# Nikon flash on Canon camera



## asianstutter (Jun 22, 2008)

i currently have the nikon SB28 and i want to get another SB28. i want to have the one flash as a off camera (tripod) and the other on a sync cable to my camera. how do i accomplish this even tho they're 2 different worlds, i have the canon Xti btw. 
this is what i think. i'm getting the cactus triggers on ebay. one transmitter and 2 recievers.
ok i see that the transmitter got the socket for the 1-pin plug to go in. will i be able to connect this to the sb28 and at the same time have the other flash to sync wirelessly??


----------



## tirediron (Jun 22, 2008)

If you have a Canon body, why not get a Canon flash?  You're losing a lot of the functionality of the units putting them on the "wrong" body.  I can't see eBay from work, so can't answer the question about "this".


----------



## Garbz (Jun 22, 2008)

Because he's a strobist and likes the cheap functional flashes and has no need for the extra functionality when unleashing creative off camera flashing  The SB-28 has a PC sync socket, but the 350D does not. You would need a PC sync to hotshoe adapter too.

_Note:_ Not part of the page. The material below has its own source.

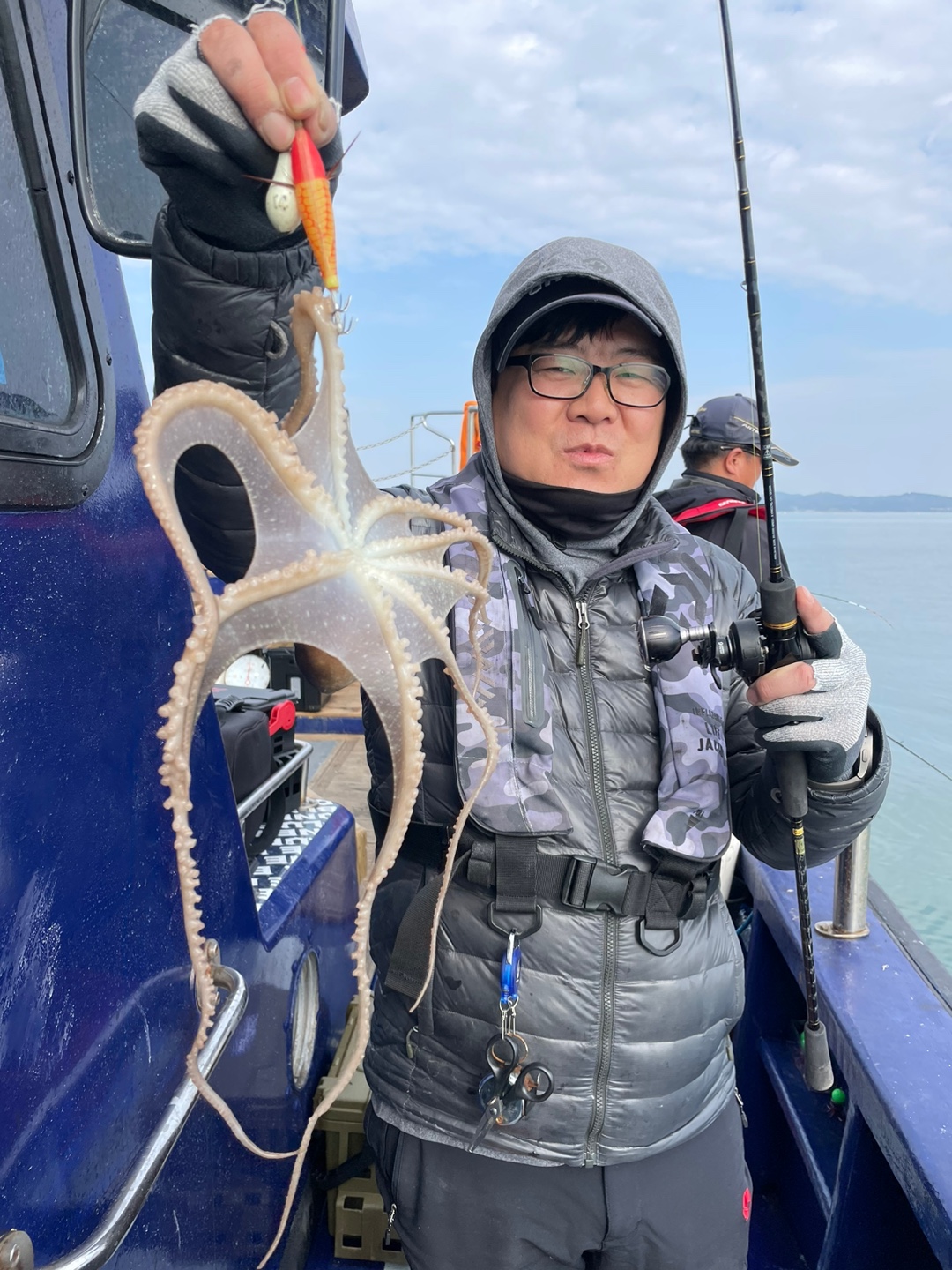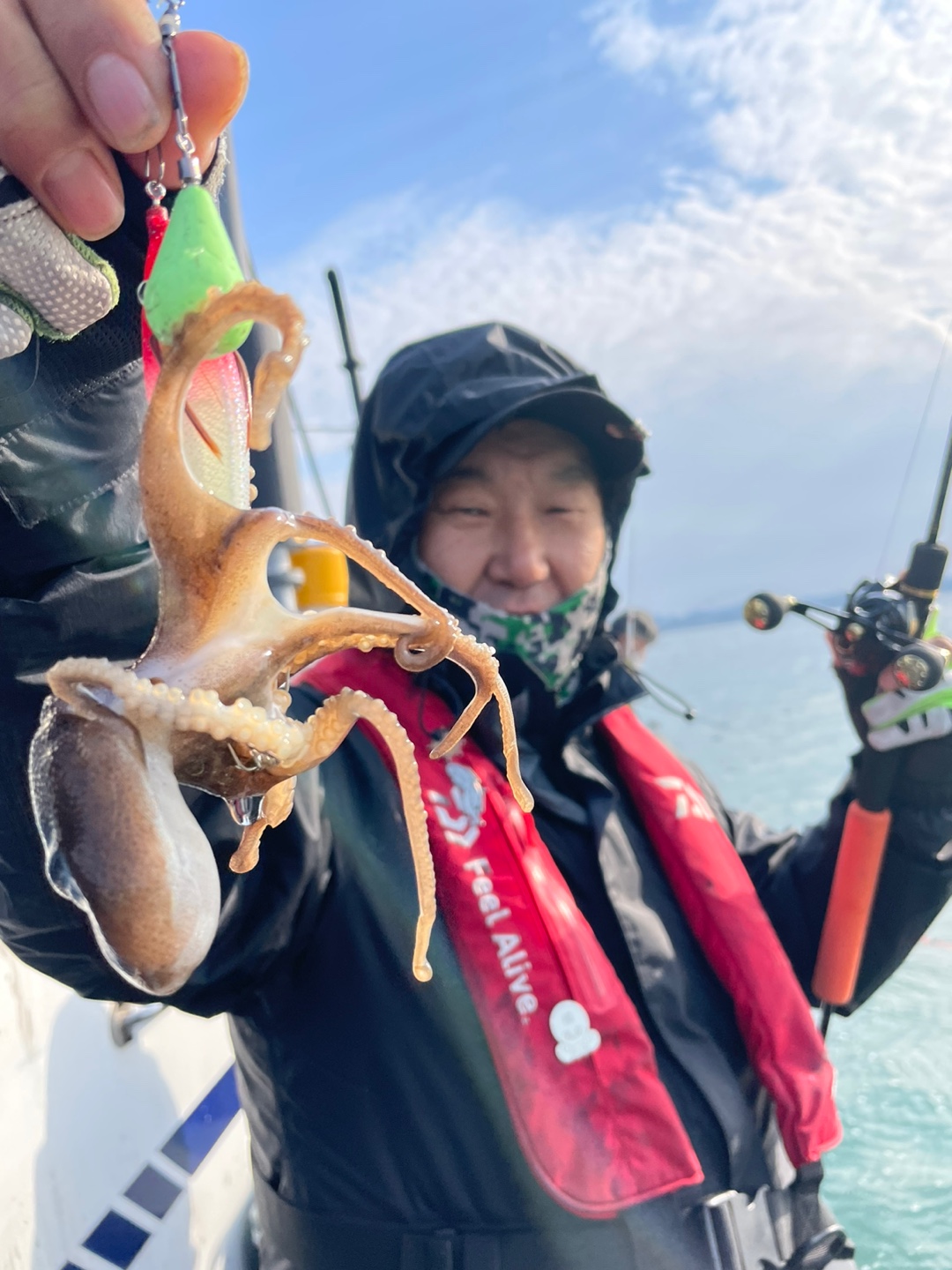 오늘도 대성호는 우리 손님들과 잘 놀다 왔습니다 요즘 같은 시기에 찾아주신 우리 조사님들께 한마리라도 더 잡게 해드리려고 열심히 주꾸미찾아돌아다녔네요~그 결과 최소 50수~최고 100수까지~평균 70수 정도는하신듯합니다 물때가 점점 좋아지니 조금은 더 기대를 하고 오셔도 될거같습니다

The problem then is you're using your hotshoe for the cactus trigger, giving you the option of wireless or just the one wired, but not both at once. I would say get an extra receiver and trigger the flash wirelessly.


----------



## asianstutter (Jun 22, 2008)

what functions would i be missing??


----------



## bigalbest (Jun 22, 2008)

You would lose auto functions like ttl, ettl.


----------



## Garbz (Jun 22, 2008)

But if you are indeed buying these on the strobist.blogspot.com recommendations, it is not functionality you would have used anyway. It may be important to have at least one Canon flash for your camera. But for off camera flashing you typically don't use TTL anyway.

You don't lose all auto functions mind you. The the internal automatic mode of the flash would still function just fine. It would simply provide a few inconsistent photos which the new TTL technologies combined with information of knowing what the camera has focused on aim to avoid.


----------